→ Information supplied:
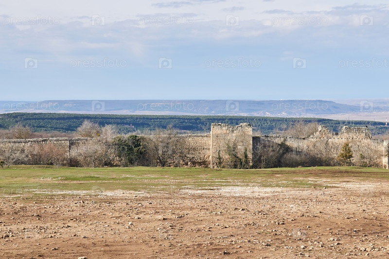 Руины средневековой крепостной башни Чуфут-Кале, Крым
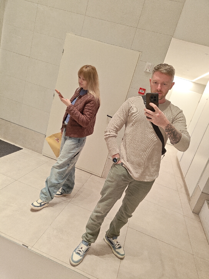 A mirror selfie captures two people in a public restroom. A man in a beige sweater and olive pants holds his phone to take the picture. He sports a watch and visible tattoos. Beside him stands a woman in a brown quilted jacket, blue jeans, and a light yellow tote bag. She holds a phone and looks at it. The restroom has a tiled floor, light-colored walls, and visible doors along the right.
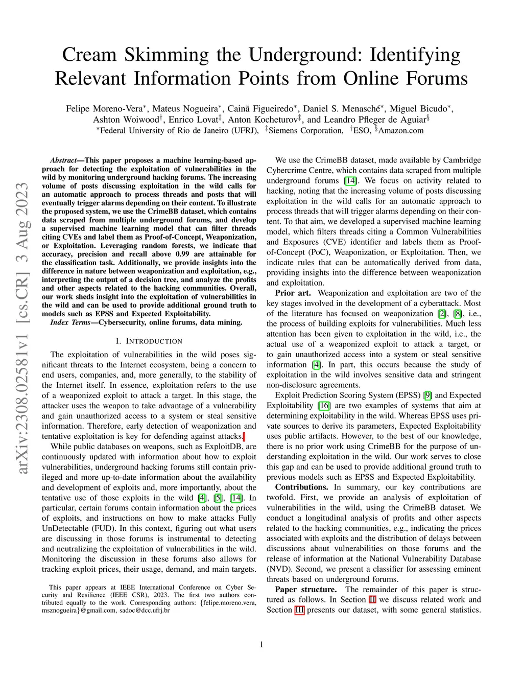 This paper proposes a machine learning-based approach for detecting the exploitation of vulnerabilities in the wild by monitoring underground hacking forums. The increasing volume of posts discussing exploitation in the wild calls for an automatic approach to process threads and posts that will eventually trigger alarms depending on their content. To illustrate the proposed system, we use the CrimeBB dataset, which contains data scraped from multiple underground forums, and develop a supervised machine learning model that can filter threads citing CVEs and label them as Proof-of-Concept, Weaponization, or Exploitation. Leveraging random forests, we indicate that accuracy, precision and recall above 0.99 are attainable for the classification task. Additionally, we provide insights into the difference in nature between weaponization and exploitation, e.g., interpreting the output of a decision tree, and analyze the profits and other aspects related to the hacking communities. Overall, our work sheds insight into the exploitation of vulnerabilities in the wild and can be used to provide additional ground truth to models such as EPSS and Expected Exploitability.
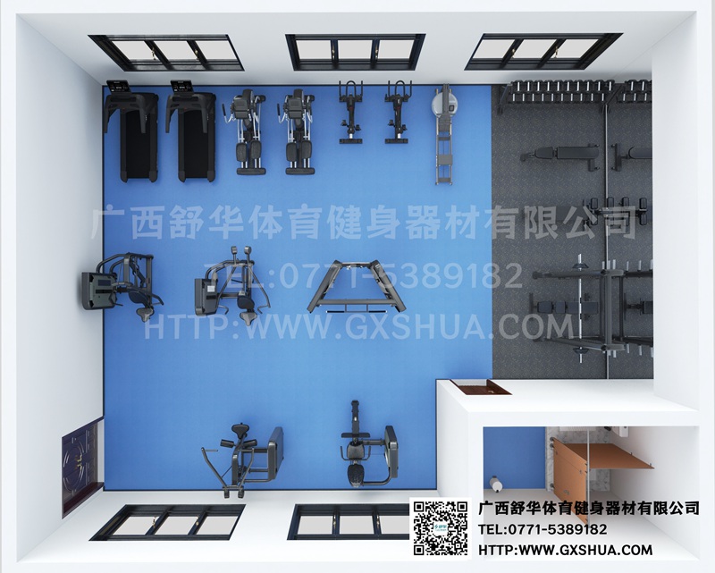 此方案要求面积小于90m²,适用于企事业单位、酒店会所、楼盘社区等健身场所,能满15-20人同时健身使用。(方案根据场地空间大小、预算、产品需求等进行配置仅为启发性参考)
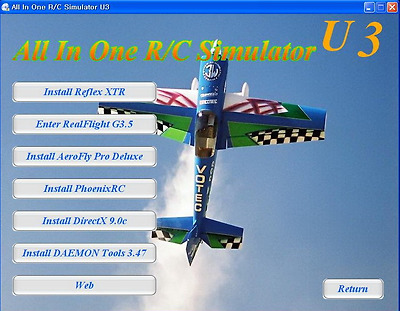 프로그램 설치는 DVD를 넣으면 자동 실행되도록 되어있었고 간단한 메뉴형식으로 누구나 쉽게 설치가능합니다. 또한 DVD 한장에는 Reflex XTR, RealFligt G3.5, AeroFly Pro Deluxe, PhoenixRC등이 있습니다.
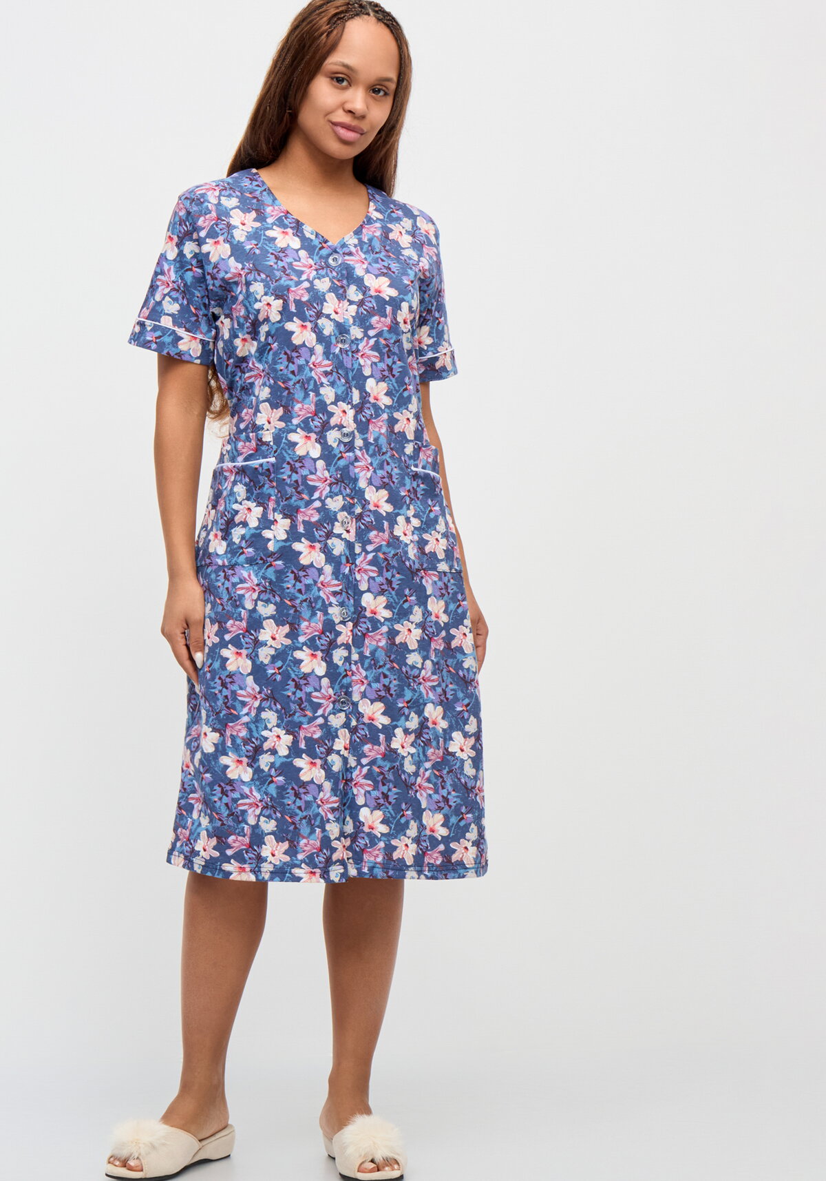 Уютный халат из хлопкового трикотажа с цветочным принтом выполнен в прямом крое длиной чуть ниже колена. Модель дополнена короткими втачными рукавами, накладными карманами и поясом, завязывающимся сзади. Застежка варьируется в зависимости от выбранного цвета: желтый и бирюзовый варианты оснащены удобной молнией, синий имеет пуговицы.
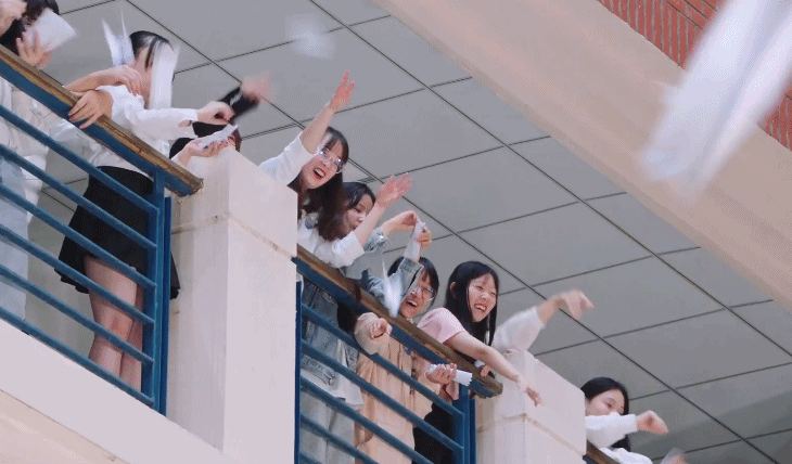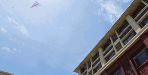 一曲終罷,同學們站在教學樓上,放飛了紙飛機。

→ What to produce:
The required output is the lines from the one containing "프로그램 설치는 DVD를" through the end of the data, printed exactly, with no pictures.

→ Answer box:
 프로그램 설치는 DVD를 넣으면 자동 실행되도록 되어있었고 간단한 메뉴형식으로 누구나 쉽게 설치가능합니다. 또한 DVD 한장에는 Reflex XTR, RealFligt G3.5, AeroFly Pro Deluxe, PhoenixRC등이 있습니다.
 Уютный халат из хлопкового трикотажа с цветочным принтом выполнен в прямом крое длиной чуть ниже колена. Модель дополнена короткими втачными рукавами, накладными карманами и поясом, завязывающимся сзади. Застежка варьируется в зависимости от выбранного цвета: желтый и бирюзовый варианты оснащены удобной молнией, синий имеет пуговицы.
 一曲終罷,同學們站在教學樓上,放飛了紙飛機。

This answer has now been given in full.